## What the exercise asks:
As you work through the listing below, copy each line exactly and drop the images.

## Supplied material:
..............................
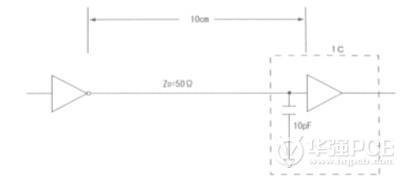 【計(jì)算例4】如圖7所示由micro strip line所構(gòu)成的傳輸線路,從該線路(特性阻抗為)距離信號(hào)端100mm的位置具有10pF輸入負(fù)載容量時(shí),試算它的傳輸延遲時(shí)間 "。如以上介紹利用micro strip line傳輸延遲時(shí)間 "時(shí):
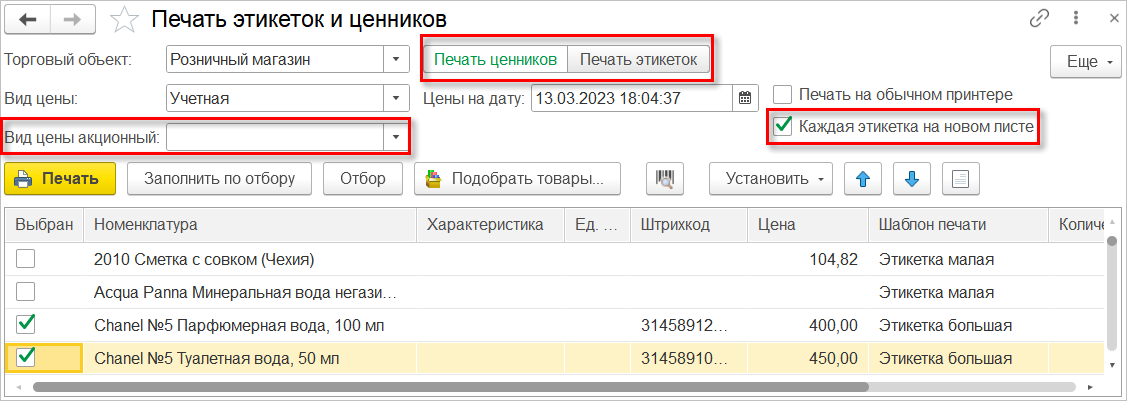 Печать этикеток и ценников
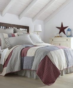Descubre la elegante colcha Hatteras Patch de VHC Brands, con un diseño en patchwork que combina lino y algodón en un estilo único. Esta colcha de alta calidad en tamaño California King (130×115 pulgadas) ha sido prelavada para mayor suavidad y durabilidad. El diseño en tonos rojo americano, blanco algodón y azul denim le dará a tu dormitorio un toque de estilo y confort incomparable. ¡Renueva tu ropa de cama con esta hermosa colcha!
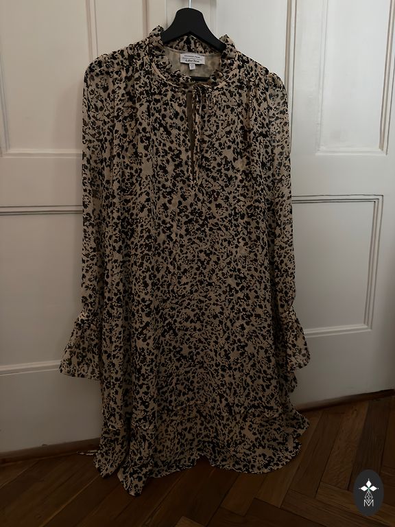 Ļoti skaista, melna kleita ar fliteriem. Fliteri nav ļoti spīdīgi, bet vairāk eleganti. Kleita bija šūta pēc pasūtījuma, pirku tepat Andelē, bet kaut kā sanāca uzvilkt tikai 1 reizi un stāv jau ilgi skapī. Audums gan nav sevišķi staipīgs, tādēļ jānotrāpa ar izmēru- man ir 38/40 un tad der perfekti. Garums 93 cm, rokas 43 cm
..............................
## Reply to the task:
 【計(jì)算例4】如圖7所示由micro strip line所構(gòu)成的傳輸線路,從該線路(特性阻抗為)距離信號(hào)端100mm的位置具有10pF輸入負(fù)載容量時(shí),試算它的傳輸延遲時(shí)間 "。如以上介紹利用micro strip line傳輸延遲時(shí)間 "時(shí):
 Печать этикеток и ценников
Descubre la elegante colcha Hatteras Patch de VHC Brands, con un diseño en patchwork que combina lino y algodón en un estilo único. Esta colcha de alta calidad en tamaño California King (130×115 pulgadas) ha sido prelavada para mayor suavidad y durabilidad. El diseño en tonos rojo americano, blanco algodón y azul denim le dará a tu dormitorio un toque de estilo y confort incomparable. ¡Renueva tu ropa de cama con esta hermosa colcha!
 Ļoti skaista, melna kleita ar fliteriem. Fliteri nav ļoti spīdīgi, bet vairāk eleganti. Kleita bija šūta pēc pasūtījuma, pirku tepat Andelē, bet kaut kā sanāca uzvilkt tikai 1 reizi un stāv jau ilgi skapī. Audums gan nav sevišķi staipīgs, tādēļ jānotrāpa ar izmēru- man ir 38/40 un tad der perfekti. Garums 93 cm, rokas 43 cm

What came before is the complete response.